(WORKING DATA begins)

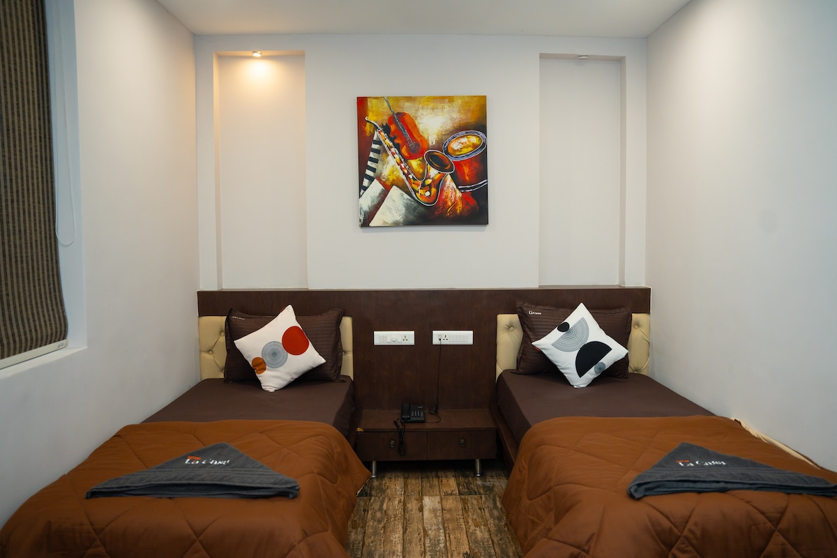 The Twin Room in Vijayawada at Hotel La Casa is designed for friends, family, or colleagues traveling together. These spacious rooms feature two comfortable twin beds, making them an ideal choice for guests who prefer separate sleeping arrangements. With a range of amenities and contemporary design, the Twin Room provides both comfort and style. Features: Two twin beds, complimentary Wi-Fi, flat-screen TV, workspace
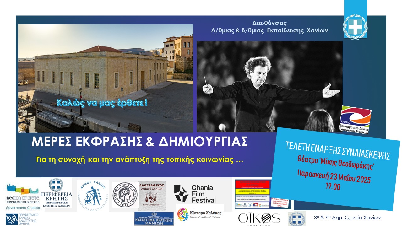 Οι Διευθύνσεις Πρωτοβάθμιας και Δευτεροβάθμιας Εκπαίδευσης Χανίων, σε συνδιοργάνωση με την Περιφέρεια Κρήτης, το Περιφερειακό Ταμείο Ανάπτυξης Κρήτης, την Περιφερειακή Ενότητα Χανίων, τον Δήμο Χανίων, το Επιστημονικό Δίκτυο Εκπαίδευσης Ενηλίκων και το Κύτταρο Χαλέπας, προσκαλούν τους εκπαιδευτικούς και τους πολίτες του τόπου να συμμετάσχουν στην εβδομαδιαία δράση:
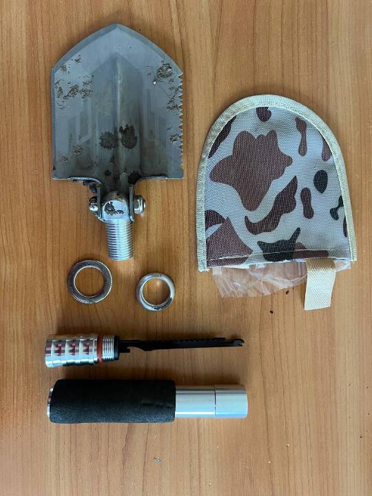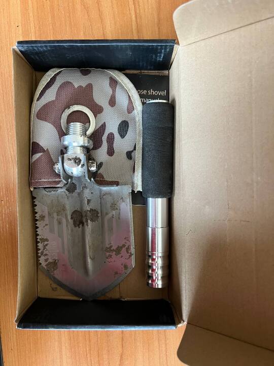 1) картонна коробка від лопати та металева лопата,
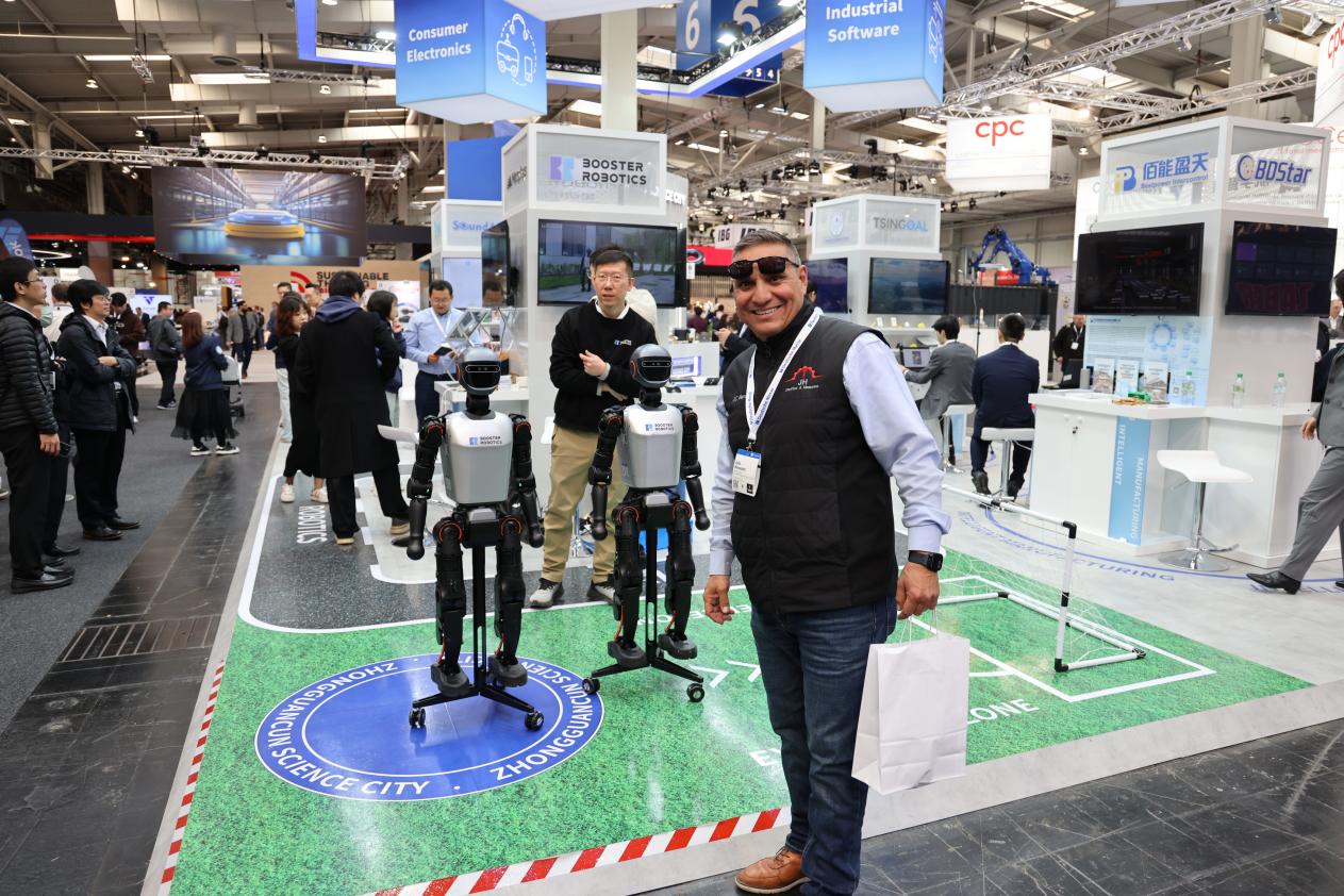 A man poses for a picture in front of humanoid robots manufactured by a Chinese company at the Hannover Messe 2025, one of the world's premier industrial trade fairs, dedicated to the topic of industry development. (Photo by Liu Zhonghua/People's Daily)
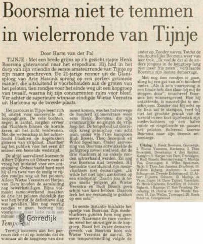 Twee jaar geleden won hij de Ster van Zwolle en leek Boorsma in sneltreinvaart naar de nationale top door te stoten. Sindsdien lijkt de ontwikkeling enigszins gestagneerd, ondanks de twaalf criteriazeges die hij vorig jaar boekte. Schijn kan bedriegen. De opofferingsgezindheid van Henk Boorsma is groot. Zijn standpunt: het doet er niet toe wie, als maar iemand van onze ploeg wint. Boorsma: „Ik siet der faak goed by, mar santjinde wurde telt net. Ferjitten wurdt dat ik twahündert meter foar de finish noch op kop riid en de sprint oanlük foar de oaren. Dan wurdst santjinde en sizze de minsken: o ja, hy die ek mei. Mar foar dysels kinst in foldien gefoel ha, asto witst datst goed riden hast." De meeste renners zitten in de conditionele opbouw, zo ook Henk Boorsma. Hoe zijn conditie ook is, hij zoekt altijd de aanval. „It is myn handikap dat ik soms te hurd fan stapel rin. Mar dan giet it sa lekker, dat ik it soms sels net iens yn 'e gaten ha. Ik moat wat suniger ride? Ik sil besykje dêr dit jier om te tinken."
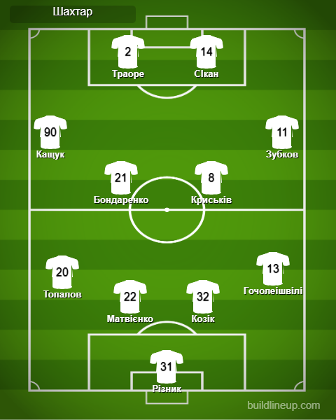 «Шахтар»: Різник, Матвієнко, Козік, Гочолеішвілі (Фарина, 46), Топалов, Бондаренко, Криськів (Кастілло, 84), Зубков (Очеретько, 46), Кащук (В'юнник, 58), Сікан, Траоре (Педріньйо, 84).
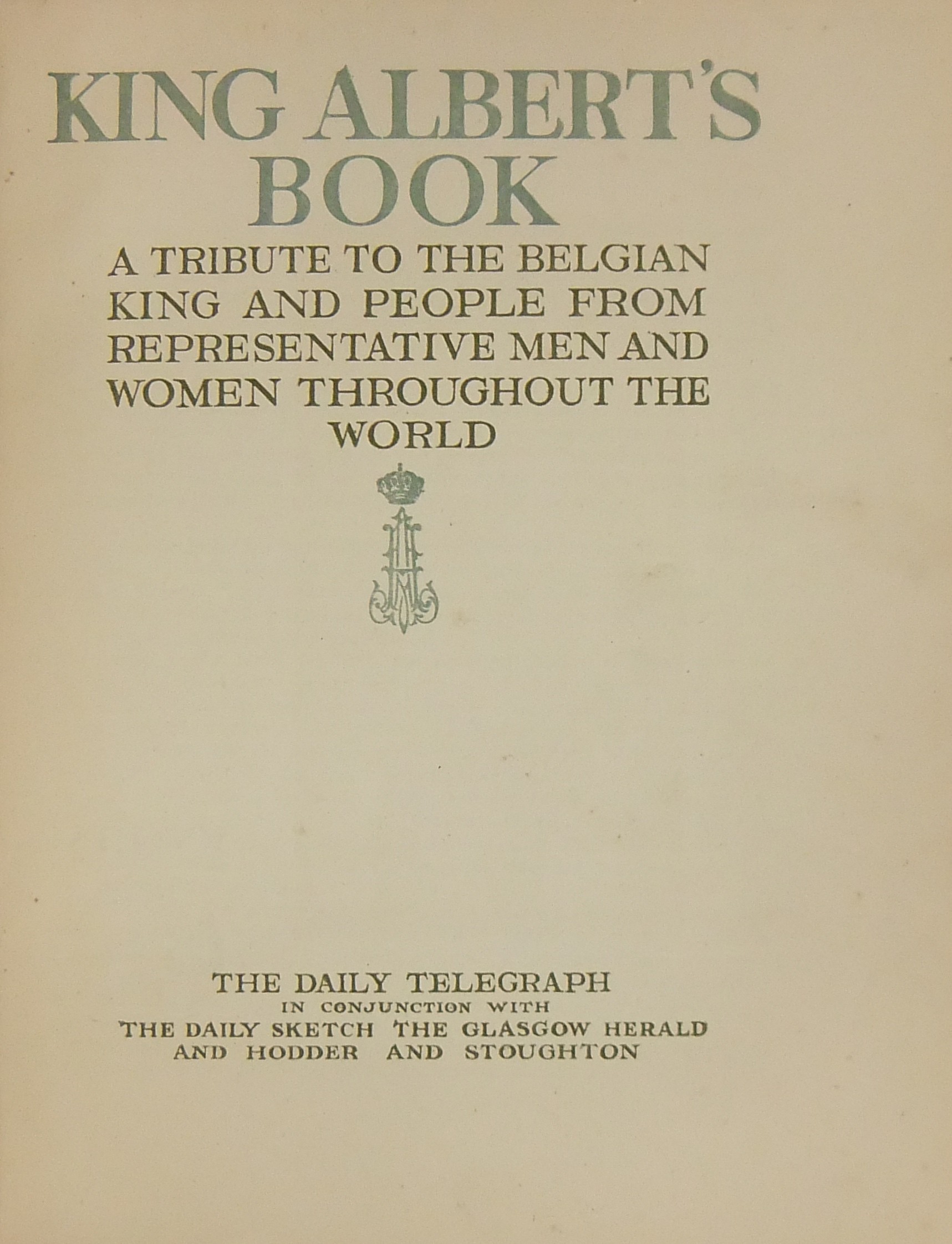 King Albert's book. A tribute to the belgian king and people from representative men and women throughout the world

(WORKING DATA ends)

▶ [TASK TO CARRY OUT]
A verbatim copy of every record above is required, with all pictures omitted.

▶ [EXERCISE RESULT]
 The Twin Room in Vijayawada at Hotel La Casa is designed for friends, family, or colleagues traveling together. These spacious rooms feature two comfortable twin beds, making them an ideal choice for guests who prefer separate sleeping arrangements. With a range of amenities and contemporary design, the Twin Room provides both comfort and style. Features: Two twin beds, complimentary Wi-Fi, flat-screen TV, workspace
 Οι Διευθύνσεις Πρωτοβάθμιας και Δευτεροβάθμιας Εκπαίδευσης Χανίων, σε συνδιοργάνωση με την Περιφέρεια Κρήτης, το Περιφερειακό Ταμείο Ανάπτυξης Κρήτης, την Περιφερειακή Ενότητα Χανίων, τον Δήμο Χανίων, το Επιστημονικό Δίκτυο Εκπαίδευσης Ενηλίκων και το Κύτταρο Χαλέπας, προσκαλούν τους εκπαιδευτικούς και τους πολίτες του τόπου να συμμετάσχουν στην εβδομαδιαία δράση:
 1) картонна коробка від лопати та металева лопата,
 A man poses for a picture in front of humanoid robots manufactured by a Chinese company at the Hannover Messe 2025, one of the world's premier industrial trade fairs, dedicated to the topic of industry development. (Photo by Liu Zhonghua/People's Daily)
 Twee jaar geleden won hij de Ster van Zwolle en leek Boorsma in sneltreinvaart naar de nationale top door te stoten. Sindsdien lijkt de ontwikkeling enigszins gestagneerd, ondanks de twaalf criteriazeges die hij vorig jaar boekte. Schijn kan bedriegen. De opofferingsgezindheid van Henk Boorsma is groot. Zijn standpunt: het doet er niet toe wie, als maar iemand van onze ploeg wint. Boorsma: „Ik siet der faak goed by, mar santjinde wurde telt net. Ferjitten wurdt dat ik twahündert meter foar de finish noch op kop riid en de sprint oanlük foar de oaren. Dan wurdst santjinde en sizze de minsken: o ja, hy die ek mei. Mar foar dysels kinst in foldien gefoel ha, asto witst datst goed riden hast." De meeste renners zitten in de conditionele opbouw, zo ook Henk Boorsma. Hoe zijn conditie ook is, hij zoekt altijd de aanval. „It is myn handikap dat ik soms te hurd fan stapel rin. Mar dan giet it sa lekker, dat ik it soms sels net iens yn 'e gaten ha. Ik moat wat suniger ride? Ik sil besykje dêr dit jier om te tinken."
 «Шахтар»: Різник, Матвієнко, Козік, Гочолеішвілі (Фарина, 46), Топалов, Бондаренко, Криськів (Кастілло, 84), Зубков (Очеретько, 46), Кащук (В'юнник, 58), Сікан, Траоре (Педріньйо, 84).
 King Albert's book. A tribute to the belgian king and people from representative men and women throughout the world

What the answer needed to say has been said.